Pero un solo telefonazo bastó, un timbrazo que repicó cuando el sol empezaba a rendirse mientras él paseaba al perro por el parque, un atardecer de domingo, y contestó, despistado.
—¿Quién es?
—Soy Coral. ¿Puedes hablar?
—Claro que sí.
Podía haber sido una llamada más para hablar del fin de semana, del gato que tenían que colocar o de la moto que iban a vender. Podía haber sido como cuando le llamó para decirle que, al fin, estaba embarazada de cuatro meses y medio, que esta vez todo iba bien y que él iba a ser el padrino de su primer varón. «¿Varón?». «Sí, es niño». «Enhorabuena a los dos, joder».
Podía haber sido todo eso o cualquier otra tontería, cualquier receta, cualquier jersey olvidado, cualquier gol del Atleti digno de comentario. Pero no. El embarazo iba bien, sobre el gato estaba todo hablado, sobre la moto también, el Atleti había perdido y el máximo plan al que podían aspirar el siguiente fin de semana era comer palomitas en el sofá ante una película durante su descanso forzoso. Así que lo que Coral disparó junto a un montón de lágrimas y unos sollozos que no intentaba contener fue:
—Ayúdanos. Gabriel está mal. Muy mal.
La primera reacción fue de evasión. Cómo iba a ayudar él a Coral y Gabriel, que lo habían conseguido todo: el embarazo, el buen trabajo, el piso. Qué tipo de ayuda podía ofrecer a la pareja perfecta, o casi perfecta, que se había mantenido a flote mientras los demás colegas de la facultad se habían tenido que buscar la vida fuera. Quién era él para ayudarles.

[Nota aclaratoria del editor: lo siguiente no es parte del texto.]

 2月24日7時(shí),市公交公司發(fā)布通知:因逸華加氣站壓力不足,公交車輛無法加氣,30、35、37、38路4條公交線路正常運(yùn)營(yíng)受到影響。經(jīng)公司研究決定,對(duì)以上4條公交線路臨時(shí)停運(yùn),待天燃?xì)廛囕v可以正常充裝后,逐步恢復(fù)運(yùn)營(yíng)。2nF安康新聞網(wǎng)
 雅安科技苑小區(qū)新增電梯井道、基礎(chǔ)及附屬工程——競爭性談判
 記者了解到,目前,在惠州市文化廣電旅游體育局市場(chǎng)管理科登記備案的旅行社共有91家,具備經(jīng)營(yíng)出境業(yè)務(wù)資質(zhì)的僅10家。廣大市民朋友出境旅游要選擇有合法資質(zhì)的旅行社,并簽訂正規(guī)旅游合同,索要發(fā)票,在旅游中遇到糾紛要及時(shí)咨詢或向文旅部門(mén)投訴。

Pero la voz de Coral fue infinitamente más real que la del conejo de Alicia cuando la criatura de Lewis Carroll se precipita en el vacío, por más que el mundo que se abriera paso en ambos casos pareciera igual de fantasmagórico. De modo que no tuvo más remedio que creer lo que estaba oyendo.
—Gabriel se ha metido en problemas.
—¿Qué clase de problemas?
—No lo sé. Por eso te estoy pidiendo ayuda.

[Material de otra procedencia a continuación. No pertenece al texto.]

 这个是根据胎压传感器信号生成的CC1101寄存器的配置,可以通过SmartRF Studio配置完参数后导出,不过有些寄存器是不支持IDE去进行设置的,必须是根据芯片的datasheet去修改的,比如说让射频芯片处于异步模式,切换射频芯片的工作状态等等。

Ayuda policial, entonces. No le gustaba. Puede que los veteranos pusieran a funcionar la máquina de los enchufes para acelerar investigaciones en marcha cuando alguien tocaba la tecla adecuada, lo había visto desde el primer día. Puede que las cosas funcionaran siempre así. Pero él jamás había pedido un favor, jamás había actuado por interés personal y jamás nadie le había pedido hacerlo. Y eso tenía una consecuencia irrenunciable: la conciencia tranquila. No había nada interesado ni turbio en su expediente y de ahí que esta llamada amenazara con romper, también, la delgada línea de la ingenuidad.
—¿Dónde estáis?
—En La Paz.
—¿En el hospital?
—En Urgencias.
Y la comunicación se cortó. Se había imaginado que la siguiente visita urgente al hospital sería para asistir al nacimiento. Pero pensar que era Gabriel quien estaba allí ingresado, su amigo, su colega, y que podía tener serios problemas era mucho peor que una carrera perseguido por los naipes animados del País de las Maravillas.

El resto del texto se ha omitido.